La réduction des services et l’isolement des personnes
Le développement rapide du virus et l’annonce des mesures de confinement a provoqué la fermeture ou la réduction des services offerts aux personnes de la rue. L’absence de matériel de protection, notamment des masques, a forcé des mesures de fermeture des services : se laver, laver ses affaires, s’alimenter, s’informer des lieux encore ouverts. La fermeture ou diminution d’activités de nombreux lieux de distribution alimentaire laisse craindre des situations de faim dans les rues, campements mais aussi dans les hébergements ne proposant pas de prestations alimentaires. Pour éviter l’approfondissement de la crise, des propositions de soutien se manifestent : mobilisation de bénévoles pour maintenir certains services, appel à la générosité nationale, soutien aux banques alimentaires…mais l’inquiétude persiste à mesure que s’étend la durée du confinement. Et les organismes sont à bout de souffle.

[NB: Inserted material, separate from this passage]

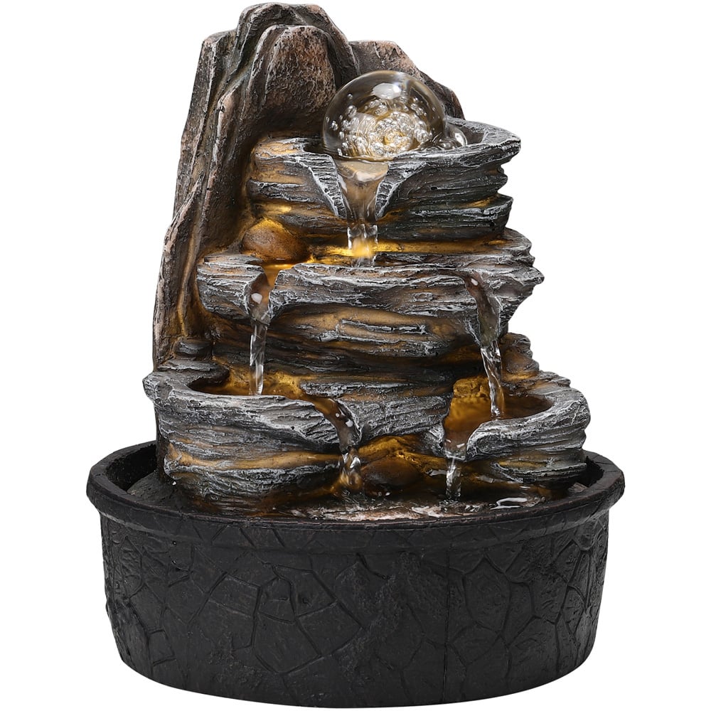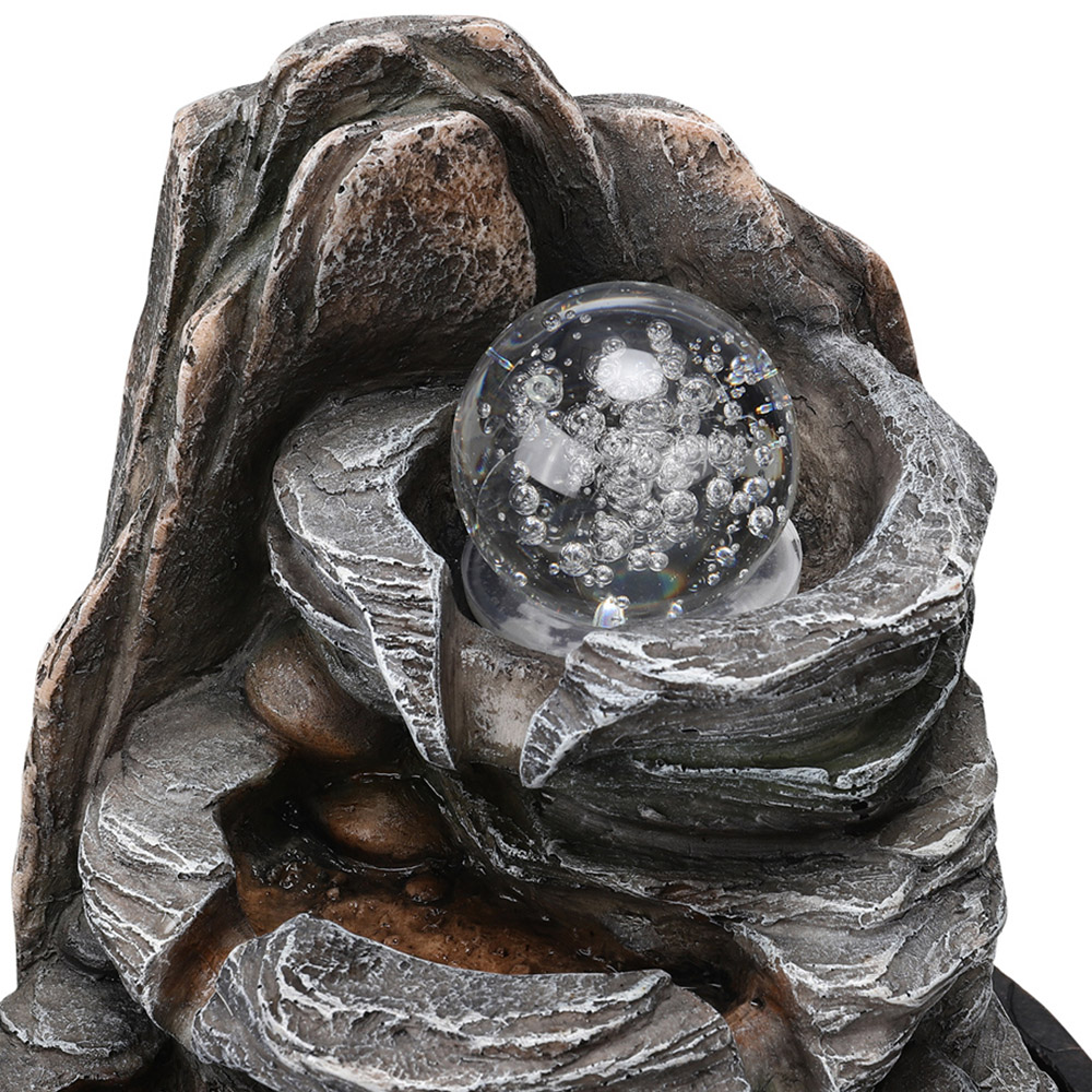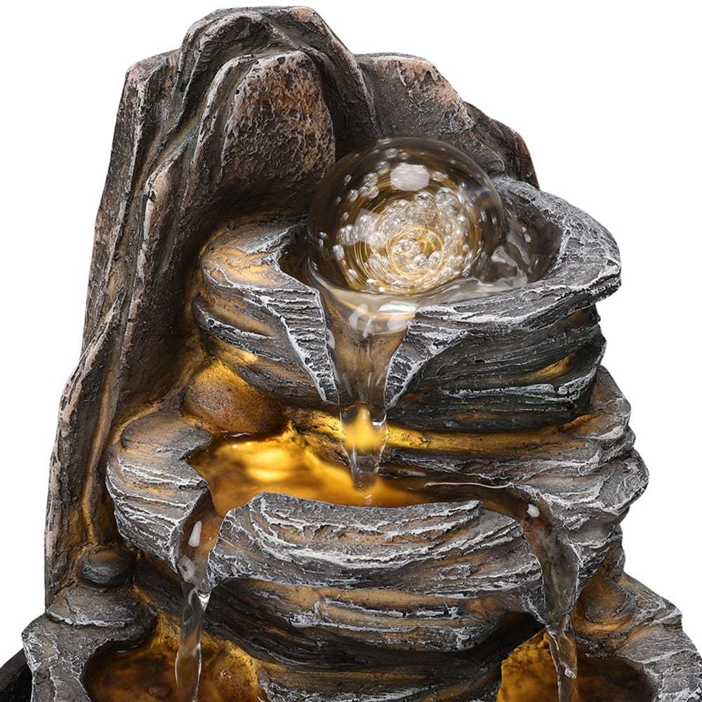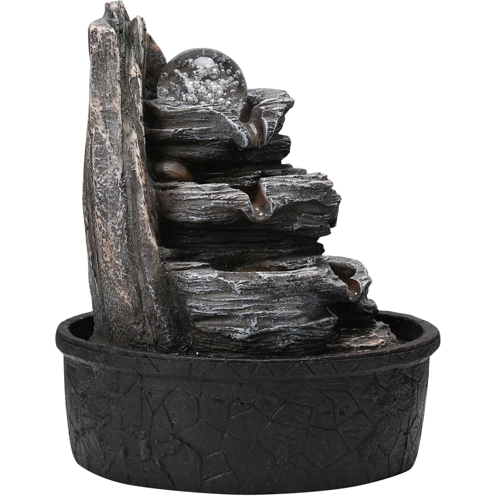 Living and Home Multi Tier Black Rock Fountain with LED Crystal Ball

La crise actuelle peut être l’occasion de revoir la politique d’aide aux personnes sans-abris. Plutôt que gérer la situation qui maintient la majorité des victimes de la pauvreté, nous pourrions viser à créer les conditions d’une réinsertion de ces personnes dans la société. Des organismes comme le RAPSIM portent déjà des revendications qui vont dans le sens de mesures qui visent à combattre l’itinérance. Mais cette lutte comporte des réformes qui vont heurter les intérêts corporatifs et financiers importants, en particulier en matière de logement, de revenu et d’intervention particulière que requiert la condition des personnes sans-abris. Les pressions pour une relance rapide de l’économie au sortir de la crise du coronavirus risquent de provoquer le report des mesures nécessaires à l’amélioration des conditions de vie des personnes itinérantes. Une mobilisation sans précédent risque d’être nécessaire pour forcer les autorités à prendre les mesures nécessaires pour que les sans-abris ne soient pas parmi les plus importantes victimes de cette crise et qu’ils et elles en sortent dans de meilleures conditions. Et que cette opération ne traduise pas une peur de contamination de la société mais une volonté d’améliorer les conditions de vie des plus vulnérables.